Achtung. Spoiler. Falls Ihr Euch jetzt auf einen saftigen Untenrum-Vortrag freut: Daraus wird nichts. Hier kommt nichts Delikates, Frivoles, aus dem Süden der Frau. Hier geht es um Soziologie. Um die Bedeutung von Worten und um die Aussagen, die Körper treffen.
Wer jetzt noch nicht hinreichend abgeschreckt ist: Herzlichen Glückwunsch! Euch erwartet ein dichter, anstrengender Vortrag. Der Redner, der Münchner Soziologie-Professor Armin Nassehi, kann durchaus allgemeinverständlich reden, regelmäßig gibt er Interviews und bezieht Stellung zu aktuellen Entwicklungen in unserer Gesellschaft.
Aber hier hält er einen wissenschaftlichen Vortrag - auf Soziologisch, im Jargon seiner Zunft. Dennoch erwartet Euch ein spannender, mitunter auch süffisanter Vortrag, über das, was wir sagen und das, was wir denken. Darüber, was unsere Worte bedeuten und darüber, was unsere Körper sagen.
"In einem Dax-Vorstand hatten die Männer, bis es überhaupt die Möglichkeit gab, dass dort auch Frauen sitzen könnten, kein Geschlecht. Man könnte auch andere Gremien dafür nennen, Kardinäle zum Beispiel."
Nassehi spricht als gelernter Systemtheoretiker, er will soziale Systeme begreifen. Ein soziales System ist: Eure Familie. Die Schule. Die Kirche. Oder - darum geht es heute - die Religion.
"Auf welcher Systemreferenz ist Sexualität angesiedelt? Kommunikation? Bewusstsein? Körper? Antwort: Überall."
Diese Ordnungssysteme greifen ineinander und verändern sich. Auch die Genderforschung oder die eigene Disziplin ist für Nassehi ein Forschungsgegenstand. In seinem Vortrag klopft er zunächst die Begriffe Geschlecht, Geschlechtlichkeit und Religion aus systemtheoretischer Perspektive ab, dann kommt er zur Frage nach der Sexbesessenheit. Um Untenrum geht's in diesem Vortrag kaum. Aber für's Obenrum, für den Denkmuskel, ist er ausgezeichnet.
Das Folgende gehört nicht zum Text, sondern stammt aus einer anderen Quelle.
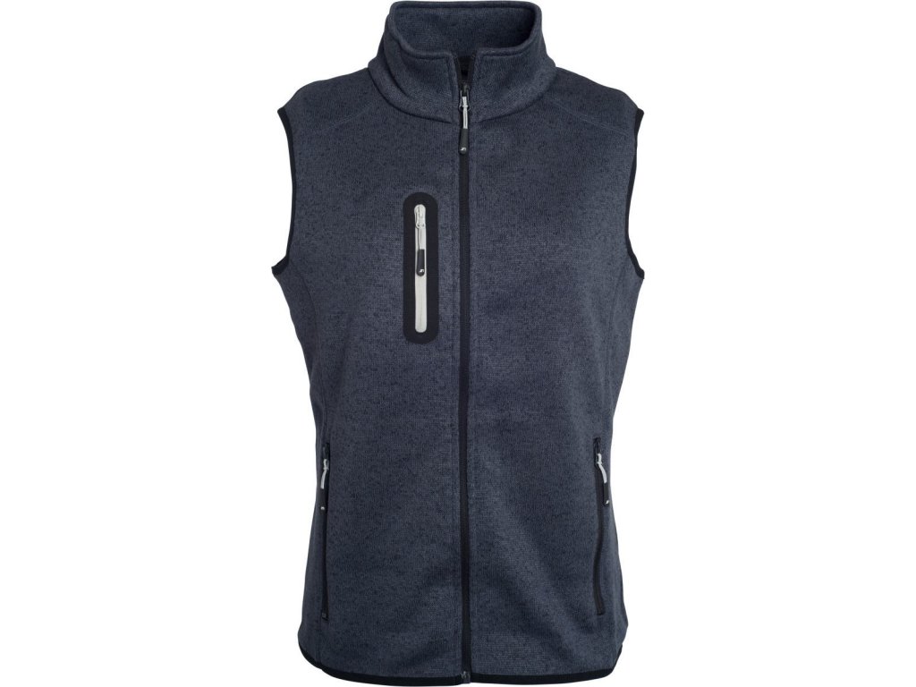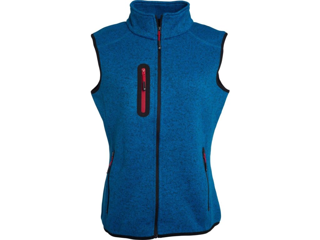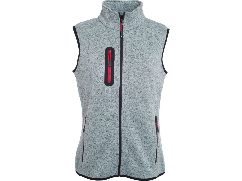 Lehce vypasovaný střih, náprsní kapsa, boční kapsy se zipem, dělící švy zdůrazňující postavu, lemování v kontrastní barvě na průramcích a lemu, pletený vzhled, uvnitř počesaná, pratelné na 30°, šetrné praní, nelze sušit v sušičce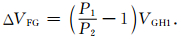 式(2)中,ΔVFG为游离气的体积变化,VFG2为水合物分解导致压力上升后的游离气体积,VGH1为分解前的游离气体积.VFG2与VGH1之间符合波义耳定律,由此可得到

"Wir wissen, dass es eine Merkwürdigkeit in der psychischen Beobachtung des eigenen Körpers gibt: Er ist stets dabei, aber gleichzeitig auch ein Außen."
Armin Nassehi hat seinen Vortrag am 2. November 2016 in der Bayerischen Akademie der Wissenschaften in München gehalten, im Rahmen der Vortragsreihe "Religion und Gesellschaft: Sinnstiftungssysteme im Konflikt".